Highlights & Insights

  • Precise problem analysis with mathematical grounding: Decomposing the SDS gradient into \(m_1\) and \(m_2\), and further expanding it into a pseudo-editing formulation (Eq. 8), clearly exposes the information loss caused by the unconditional source estimate. This analytical framework is far more convincing than intuitive explanations alone.
  • Extremely lightweight method: The core modification amounts to replacing the unconditional branch in CFG with an image-conditioned branch — a change on the order of a single line of code, requiring no additional networks or training data. The Filter/Finetune strategies are equally simple.
  • The "dynamic source distribution" perspective may generalize to other distillation scenarios: e.g., SDS variants in 2D editing and video generation — any iterative optimization setting using SDS could benefit from analogous source anchoring.

Limitations & Future Work

  • Still reliant on the SDS paradigm: inherits SDS's inherently slow optimization (requiring thousands of steps), making it unsuitable for real-time applications.
  • Upper-bounded by image conditioner capability: if IP-Adapter/ControlNet exhibits poor inversion capability for certain rendering styles, source estimation quality degrades (which motivates the Filter strategy).
  • No comparison with feed-forward 3D generation methods: the T3Bench evaluation only compares against SDS variants, lacking comparison with 3D-native generative models.
  • vs. VSD (ProlificDreamer): VSD trains a LoRA-based particle distribution model to approximate the source distribution, incurring high computational overhead (4 models). AnchorDS directly conditions on the rendered image with zero additional models and achieves superior performance.
  • vs. SDS-Bridge: SDS-Bridge corrects source bias via hand-crafted negative prompts describing the 3D state, introducing new biases. AnchorDS lets the model directly "see" the current rendering, introducing no additional bias.
  • vs. DDS: DDS also uses a reference image but requires a paired reference prompt and serves a different purpose.

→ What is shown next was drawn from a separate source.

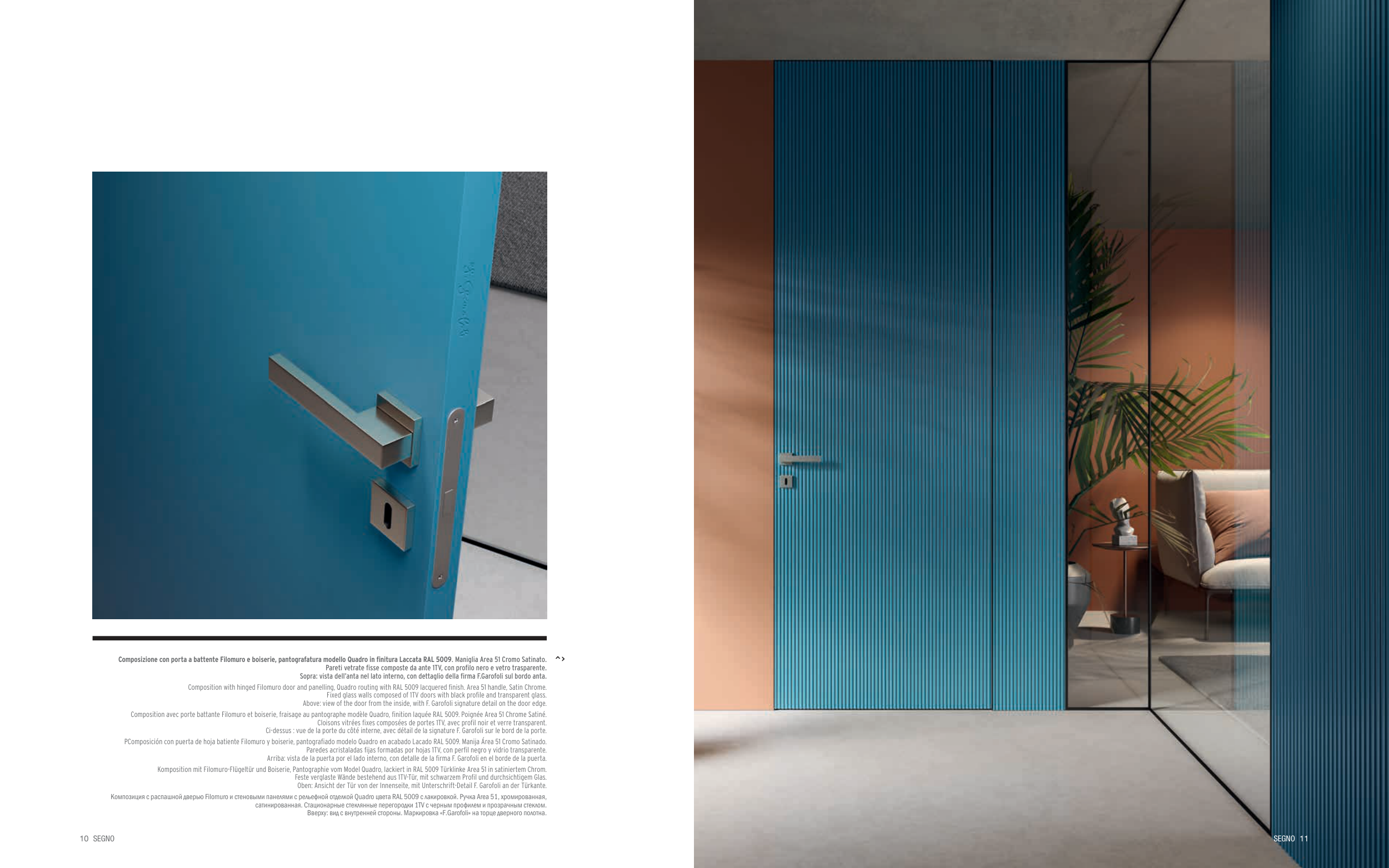 Composition avec porte battante Filomuro et boiserie, fraisage au pantographe modèle Quadro, finition laquée RAL 5009. Poignée Area 51 Chrome Satiné.

AnchorDS acquires its image condition automatically (the current rendering).

Rating

  • Novelty: ⭐⭐⭐⭐ In-depth analysis of the source distribution problem in SDS; method is elegant and concise.
  • Experimental Thoroughness: ⭐⭐⭐⭐ T3Bench + human evaluation + ablation + multi-baseline comparison.
  • Writing Quality: ⭐⭐⭐⭐⭐ Analysis and derivations are clear, figures are intuitive, and the logical chain is complete.
  • Value: ⭐⭐⭐⭐ A significant improvement within the SDS framework; the method is simple and reproducible.